### PROBLEM
Every line from the top of the records through the one bearing "Vintage 1990s Pure" is to be reproduced exactly, and pictures are to be left out.

Dataset items:
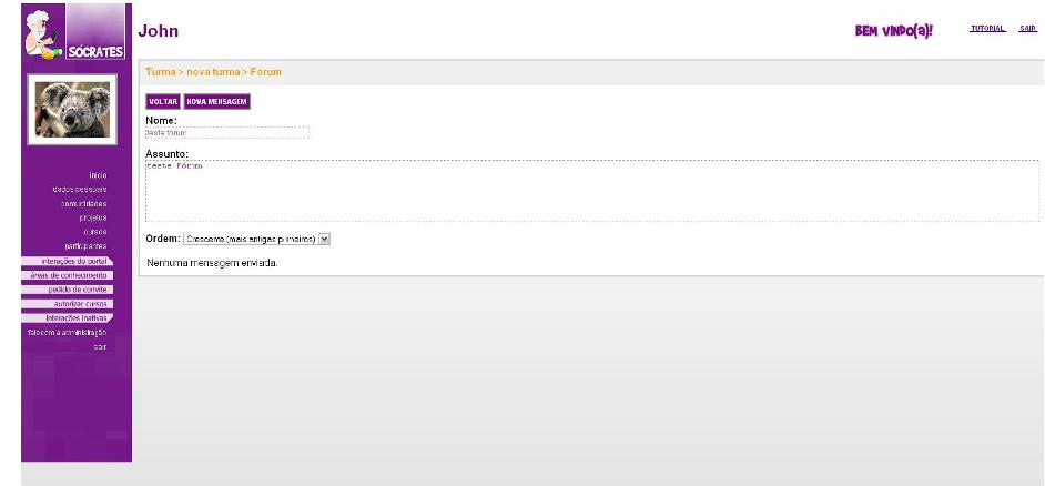Se você for membro da turma, também pode participar da discussão, clicando na opção ‘Nova Mensagem’, mostrada na tela anterior. Essa opção exibirá uma interface onde é possível digitar sua contribuição sobre o tema do fórum.
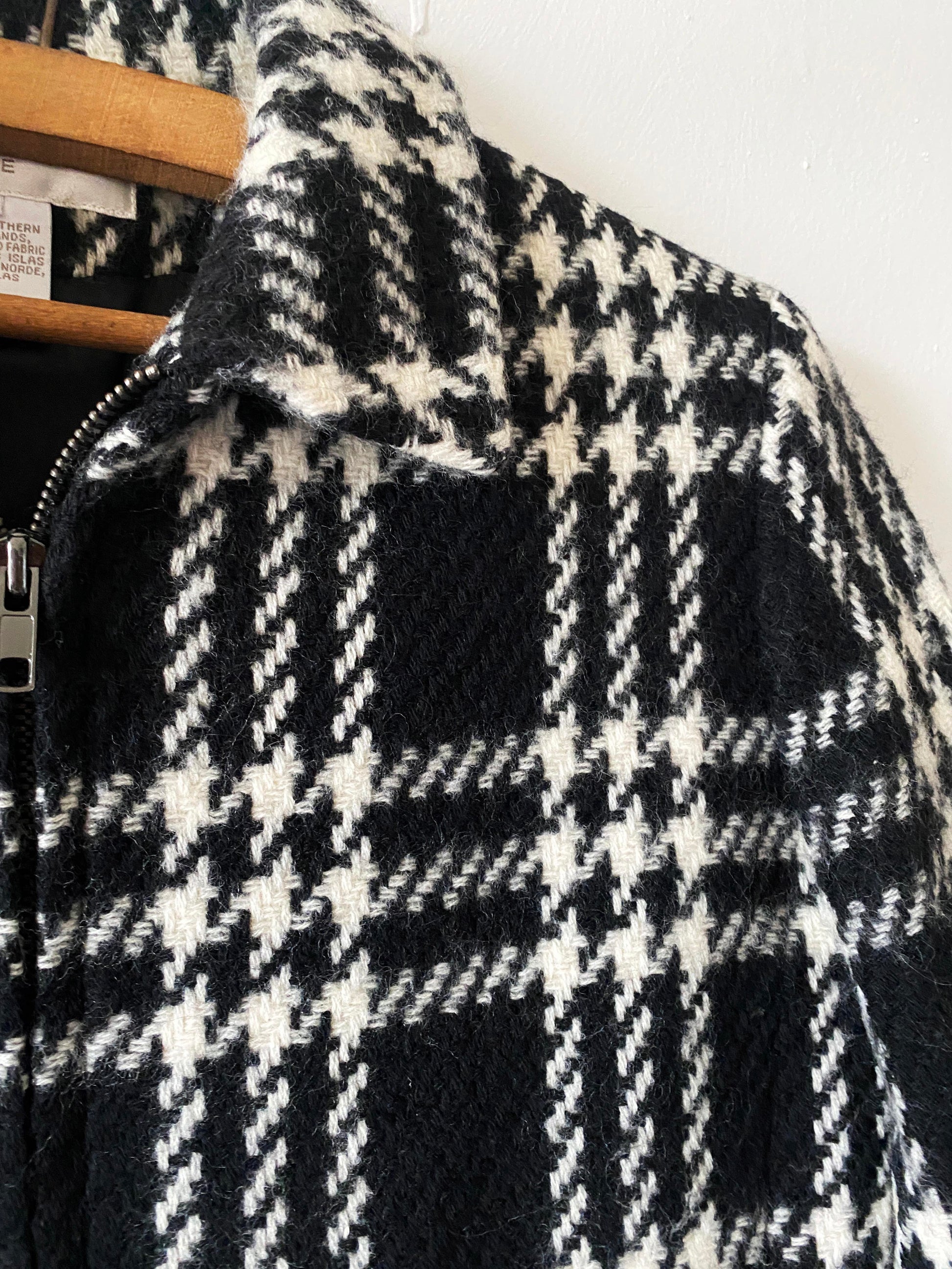 Vintage 1990s Pure Wool Black & White Check Jacket 12
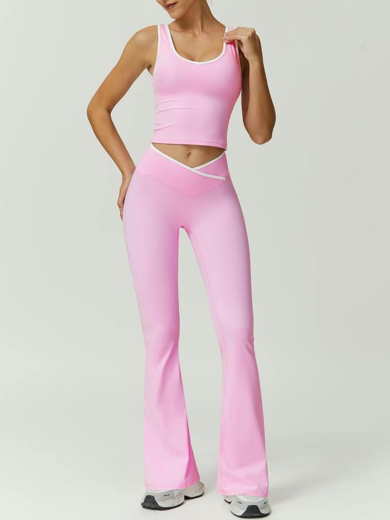 Summer Outfits 2Pcs Matching Clothing Set Sports Bra Bell Bottoms Tummy Control High Waisted Leggings Sets Crop Tops Stretchy Running Fitness
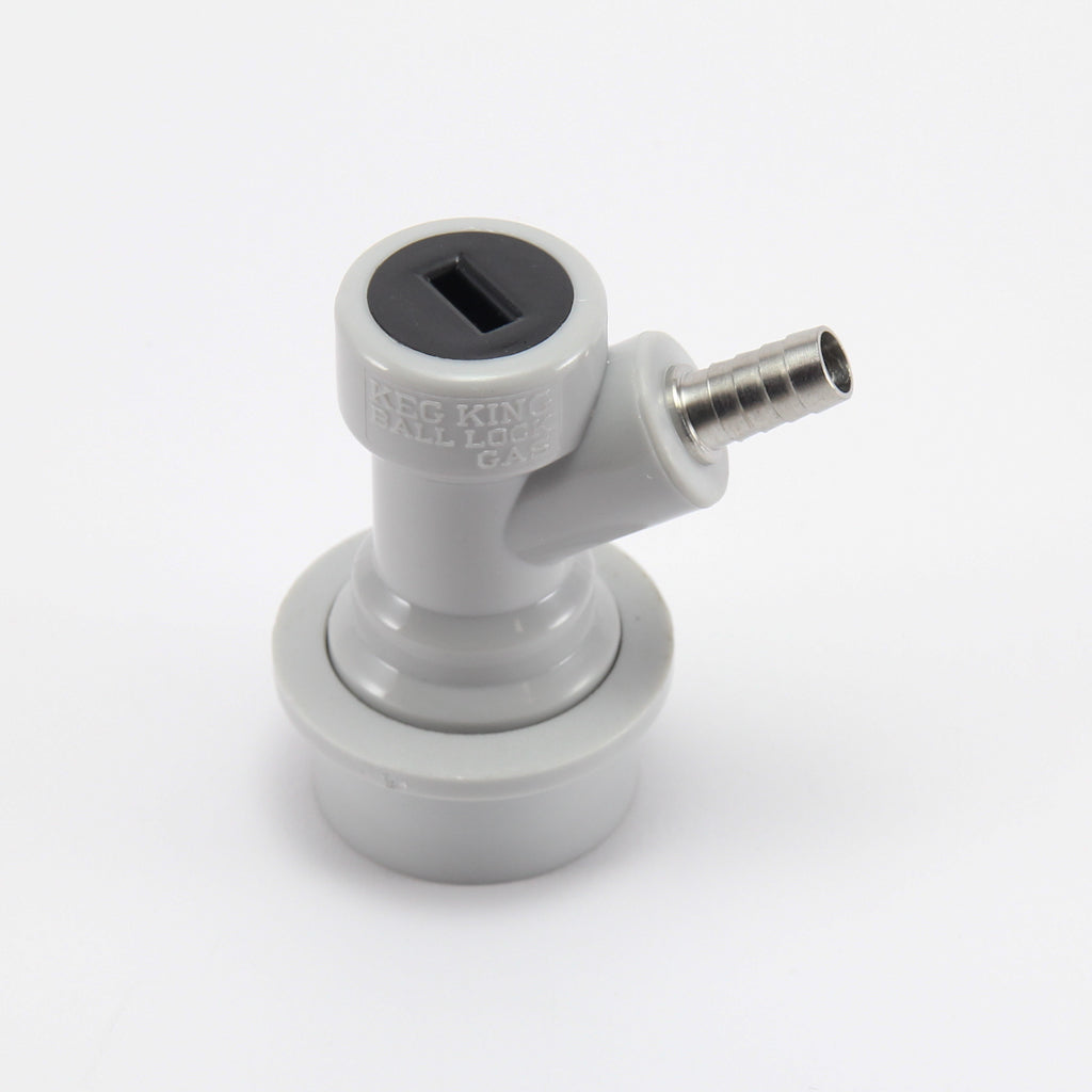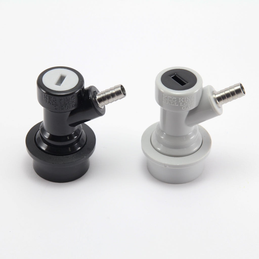 Keg king branded beer out and gas in ball lock disconnects with barb fitting. Barb will fit standard 3/8 OD line (1/4 ID)
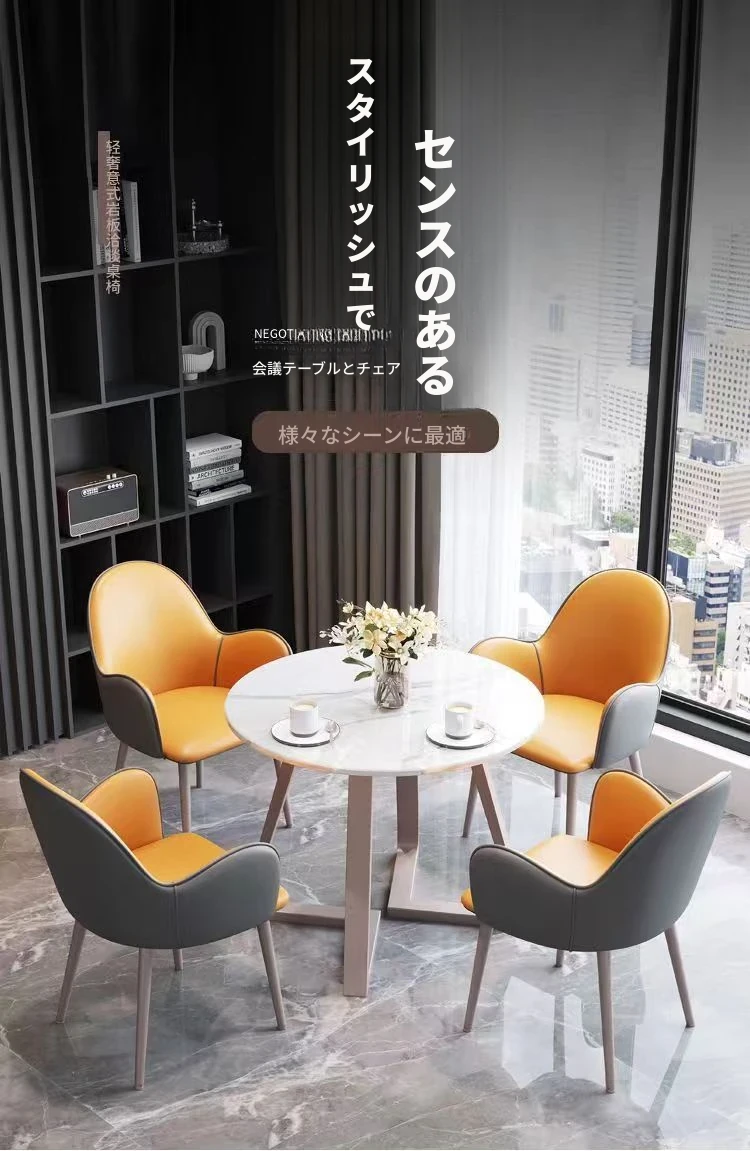 80岩板一卓三椅/黒金V架/【オレンジ×灰】耐磨猫爪皮

### PROBLEM SOLUTION
Se você for membro da turma, também pode participar da discussão, clicando na opção ‘Nova Mensagem’, mostrada na tela anterior. Essa opção exibirá uma interface onde é possível digitar sua contribuição sobre o tema do fórum.
 Vintage 1990s Pure Wool Black & White Check Jacket 12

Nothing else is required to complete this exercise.